И стихли звуки, всё умолкло, Исчезло всё, тоннеля нет.
У металлурга выпал молот,
И я увидел снова свет.
Хайнрихсвальде . . .
Звучит, как музыка Вивальди:
Избушка Славска, Хайнрихсвальде.
Не слыша ветра перемен,
Вторую сотню лет без смен.
На вздыбленном, древесном теле
Как у старухи, еле-еле,
Видна паскудная печаль,
В подножье стылом кирпича.
Там шпалы рельсами укрыты,
И смысл томный, пошлый, скрытый.
Стоит немецкая тоска
И загнивающей доска.
20 :20 на часах…
По моим часам не светит,
Жизнь пройти и не споткнуться.
Повстречаю -в сердце метит, Лучше б было разминуться.
Лучше б было не калечить,
Или так пройти, как «здрасьте».
И прощай, до скорой встречи!
Черный кот, как ты, к напасти.
А январь всегда на первом,
Месяц ясный, как в исламе. Перебором, голым нервом,
И салам твой в попаламе.
И сказать тебе, как в воду «Извините, обознались».

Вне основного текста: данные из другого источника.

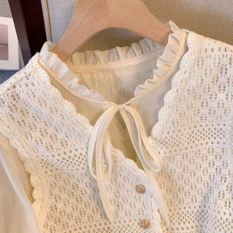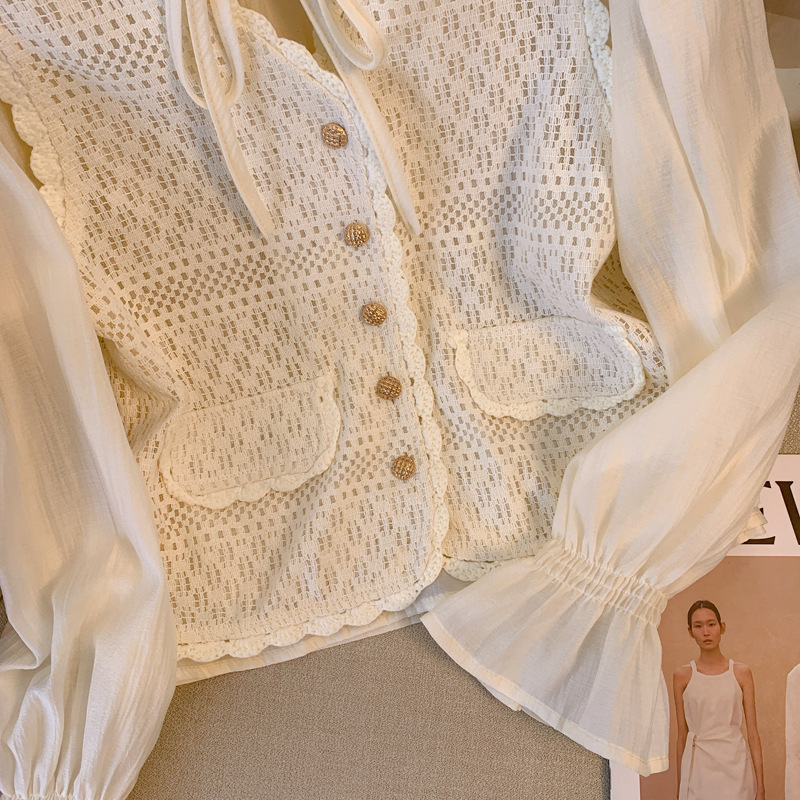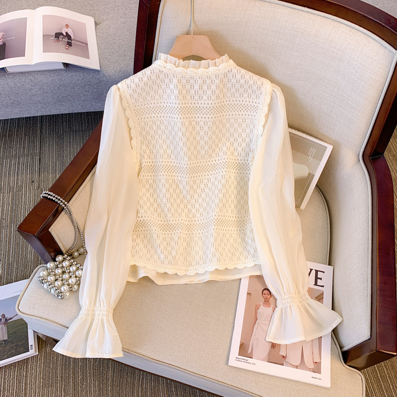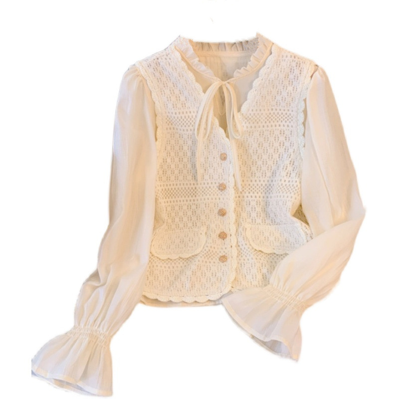 | nameOriginal | Clearance to pick up leaks ~ special counter to withdraw foreign trade spring and autumn French wooden ear two-piece waistcoat long sleeve shirt top women |
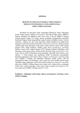 Penelitian ini bertujuan untuk mengetahui Hubungan Antara Dukungan Sosial Teman Sebaya Dengan Psychological Well-Being Pada Siswa SMKN 6 Padang. Penelitian ini dilakukan pada siswa kelas X dan XI SMKN 6 Padang dengan jumlah sampel 213 orang, metode penelitian menggunakan penelitian kuantitatif dengan teknik pengambilan sampel random sederhana (simple random sampling). Adapun alat ukur yang digunakan dalam penelitian ini adalah skala dukungan sosial teman sebaya dan skala psychological well-being. Hasil koefisien validitas pada skala dukungan sosial teman sebaya berkisar antara 0,308 sampai dengan 0,782. Hasil koefisien validitas pada skala psychological well-being berkisar antara 0,301 sampai dengan 0,745. Dengan koefisien reliabilitas skala dukungan sosial teman sebaya sebesar 0,894 dan pada skala psychological well�being sebesar 0,928. Berdasarkan hasil penelitian, diperoleh nilai korelasi yaitu sebesar r = 0,844 dengan taraf signifikansi 0,000, uji hipotesis menunjukkan hubungan dukungan sosial teman sebaya dengan psychological well-being pada siswa SMKN 6 Padang dan hubungan keduanya adalah positif.. Hal ini menunjukkan bahwa ada hubungan yang sangat kuat dan berarah positif sangat signifikan antara dukungan sosial teman sebaya dengan psychologicsl well-being pada siswa SMKN 6 Padang dengan taraf sangat kuat. Adapun besar sumbangan efektif dari variabel dukungan sosial teman sebaya dengan psychological well�being pada siswa SMKN 6 Padang sebesar 71,23%.

Вновь порхнуть, как на свободу. Вот и весь психоанализ.
Вот и вся тебе посуда,
Суд судьбы, сужденье веры.
Знал итог конца Иуда,
Серебро любя без меры.
По моим часам не светит
Жизнь пройти и не споткнуться
Повстречаю – в сердце метит, Лучше б было разминуться.
Стану крыльями зари…
Стану крыльями зари,
На край моря улечу. Говорящий -говори,
Я лучами прошепчу.
На край света отпусти
На всего один лишь век.
Слышишь, Господи?
– Прости!
Я ведь только человек.
Как заложник мелочей, С краю зарева небес.
Есть ворота-нет ключей
В скважину лучом залез.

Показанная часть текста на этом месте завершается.